Work task: Ignoring every picture, transcribe the data in full as it stands.
**** Supplied data ****
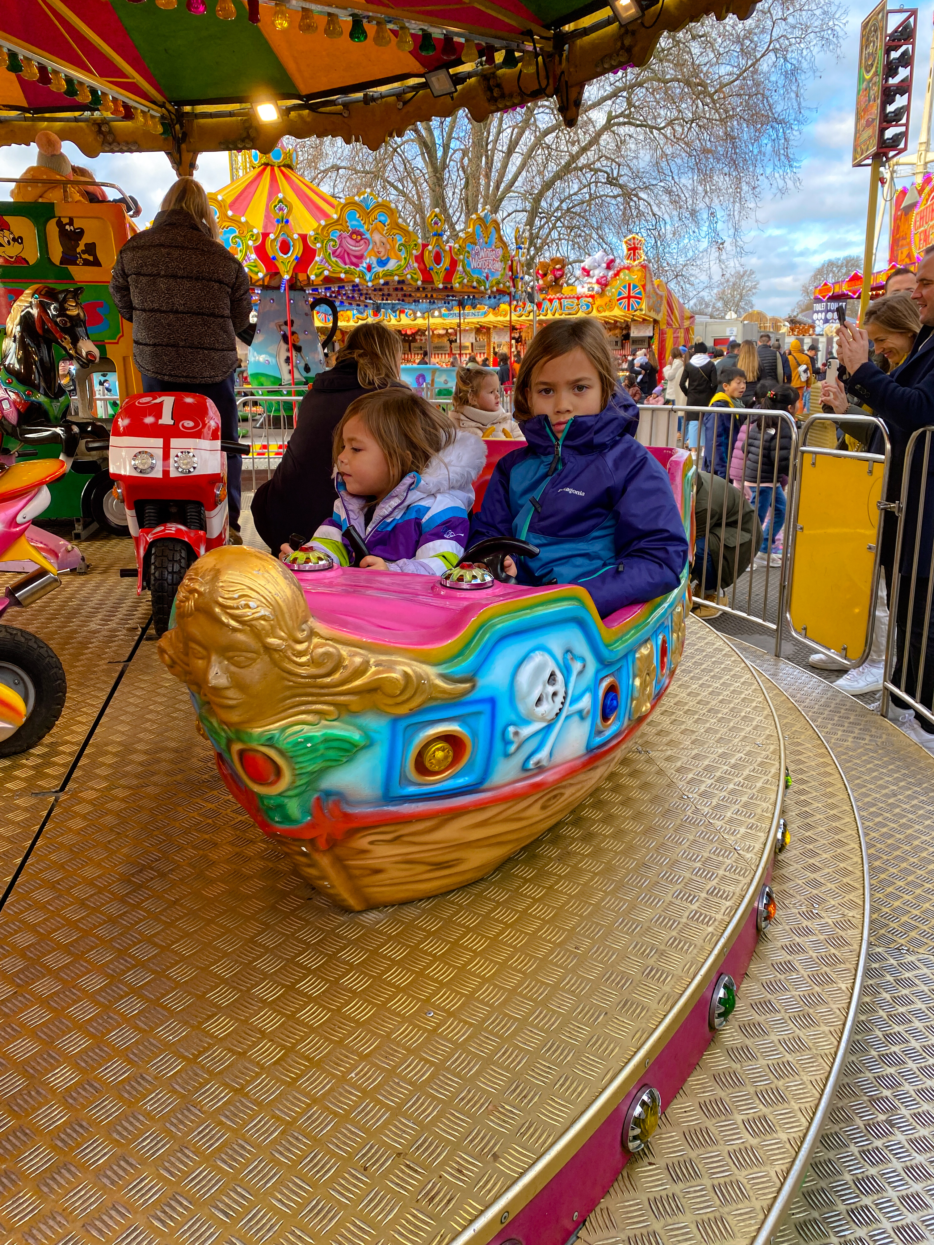 We rode the Big Wheel, which is just a huge ferris wheel that has spectacular views of London. We did two rollercoasters–the Time Machine and the Euro Coaster. I think the older kids preferred the Euro Coaster. For our 3 year old, she did merry-go-round type rides, the Santa train, and Jumbo (If you’ve been to Disney, it’s their version of the Dumbo ride). By far the cutest family ride is the Christmas tree ride. It’s not exhilarating, but how can you not go on a ride where you are in a Christmas ornament (they say bauble) as you spin around on a giant Christmas tree.
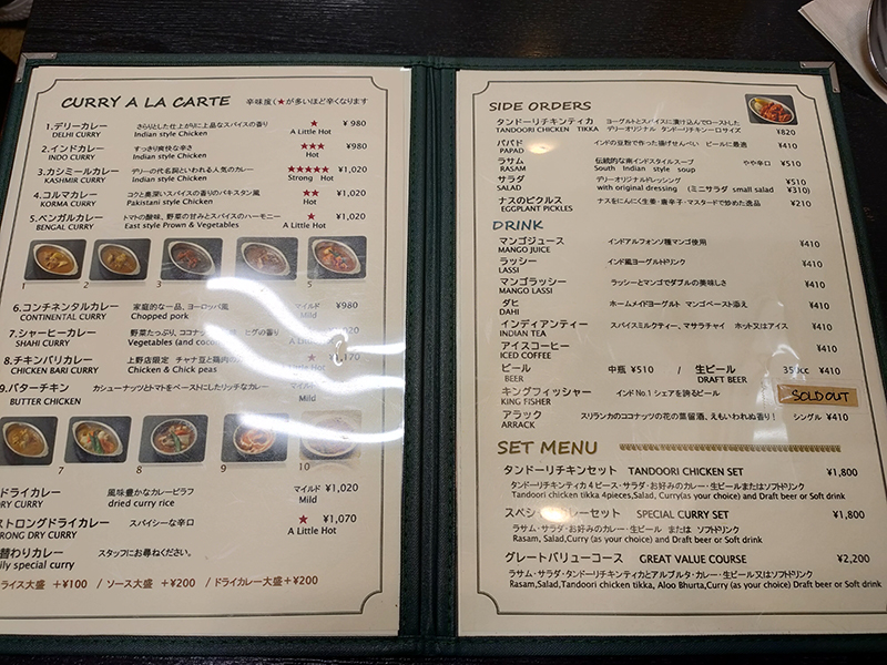 メニューを見るとドリンクにビールをチョイス出来るセットメニューに心惹かれる。以前、タンドリーチキンセットを頂いたので、今回はスペシャルカレーセットに。
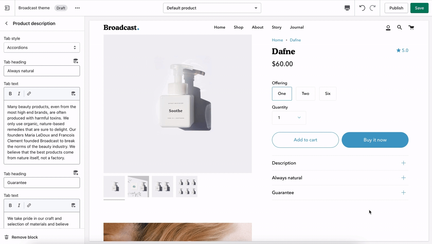 Broadcast can show your product description in tabbed or accordion format. Add extra content to your product pages to help improve customer confidence with your products and brand.
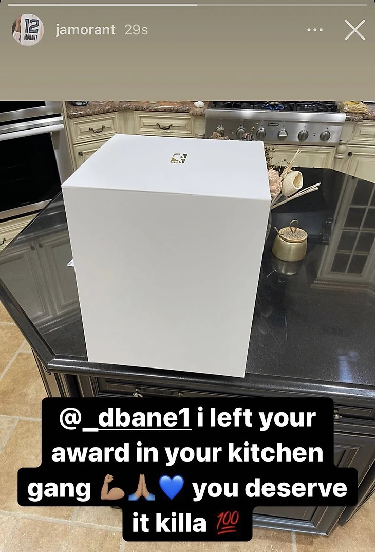 Морэнт был признан самым прогрессирующим игроком сезона-2021/22 в понедельник. Лидер «Гризлис» выложил фотографию коробки с призом, которую оставил на кухне товарища по команде.
****
Task result:
 We rode the Big Wheel, which is just a huge ferris wheel that has spectacular views of London. We did two rollercoasters–the Time Machine and the Euro Coaster. I think the older kids preferred the Euro Coaster. For our 3 year old, she did merry-go-round type rides, the Santa train, and Jumbo (If you’ve been to Disney, it’s their version of the Dumbo ride). By far the cutest family ride is the Christmas tree ride. It’s not exhilarating, but how can you not go on a ride where you are in a Christmas ornament (they say bauble) as you spin around on a giant Christmas tree.
 メニューを見るとドリンクにビールをチョイス出来るセットメニューに心惹かれる。以前、タンドリーチキンセットを頂いたので、今回はスペシャルカレーセットに。
 Broadcast can show your product description in tabbed or accordion format. Add extra content to your product pages to help improve customer confidence with your products and brand.
 Морэнт был признан самым прогрессирующим игроком сезона-2021/22 в понедельник. Лидер «Гризлис» выложил фотографию коробки с призом, которую оставил на кухне товарища по команде.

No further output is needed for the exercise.